Reproduce every line below exactly as written; do not include the images.

**MATERIAL PROVIDED:**
%%

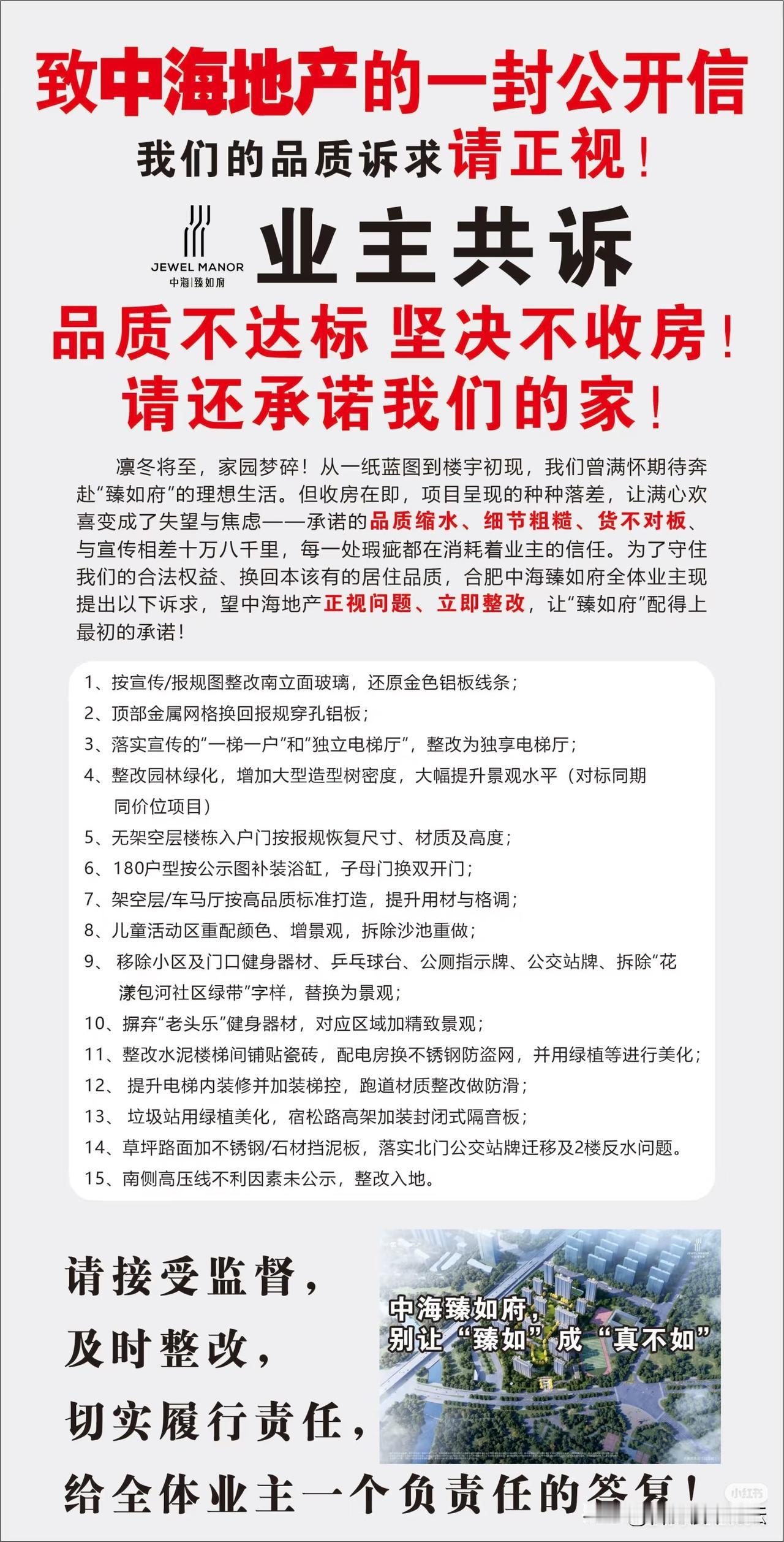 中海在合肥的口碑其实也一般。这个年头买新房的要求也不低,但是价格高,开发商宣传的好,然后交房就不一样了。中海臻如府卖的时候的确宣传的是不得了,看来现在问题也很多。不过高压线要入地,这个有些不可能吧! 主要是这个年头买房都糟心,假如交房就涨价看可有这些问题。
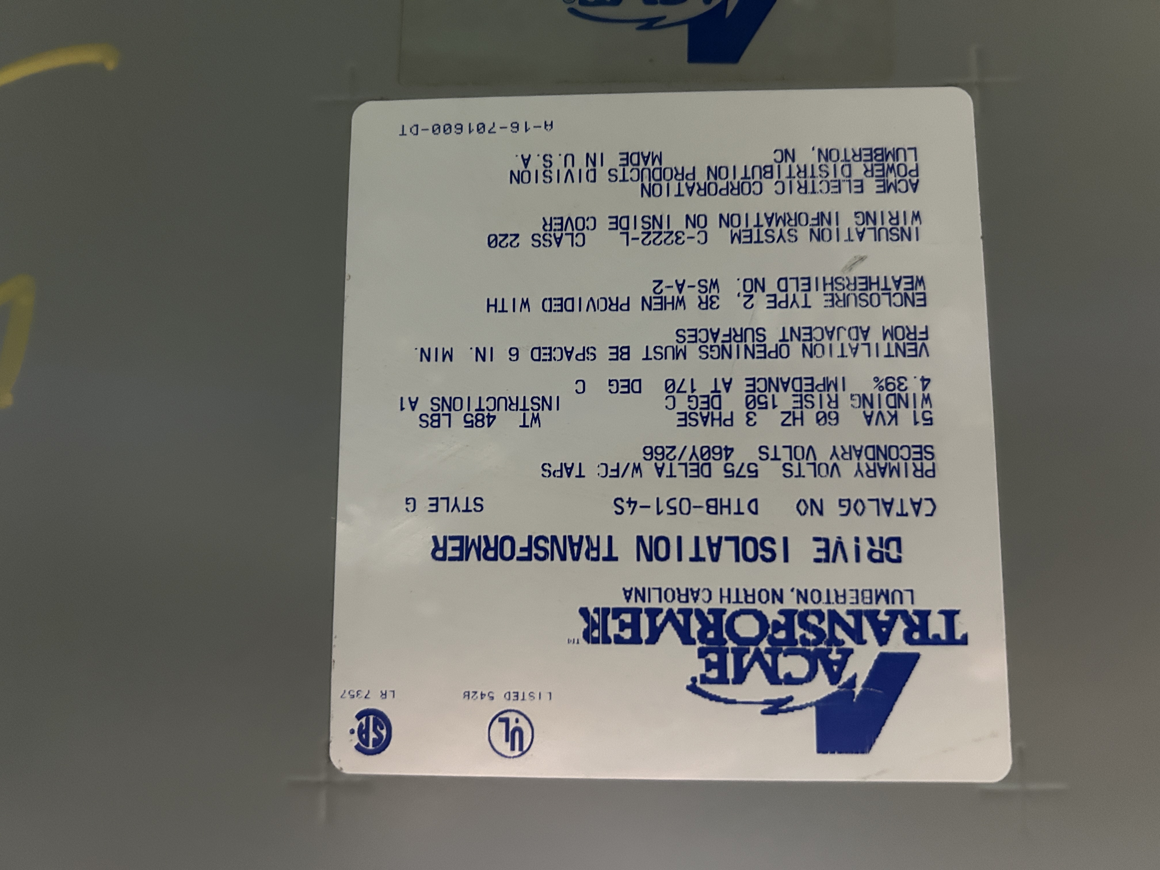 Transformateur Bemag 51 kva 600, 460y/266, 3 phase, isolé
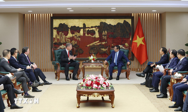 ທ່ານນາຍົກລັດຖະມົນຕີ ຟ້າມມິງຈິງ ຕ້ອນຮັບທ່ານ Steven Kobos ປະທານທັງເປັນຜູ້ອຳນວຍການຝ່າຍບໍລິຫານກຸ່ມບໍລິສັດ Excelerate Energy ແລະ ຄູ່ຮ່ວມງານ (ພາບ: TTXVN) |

%%

**EXERCISE RESPONSE:**
 中海在合肥的口碑其实也一般。这个年头买新房的要求也不低,但是价格高,开发商宣传的好,然后交房就不一样了。中海臻如府卖的时候的确宣传的是不得了,看来现在问题也很多。不过高压线要入地,这个有些不可能吧! 主要是这个年头买房都糟心,假如交房就涨价看可有这些问题。
 Transformateur Bemag 51 kva 600, 460y/266, 3 phase, isolé
 ທ່ານນາຍົກລັດຖະມົນຕີ ຟ້າມມິງຈິງ ຕ້ອນຮັບທ່ານ Steven Kobos ປະທານທັງເປັນຜູ້ອຳນວຍການຝ່າຍບໍລິຫານກຸ່ມບໍລິສັດ Excelerate Energy ແລະ ຄູ່ຮ່ວມງານ (ພາບ: TTXVN) |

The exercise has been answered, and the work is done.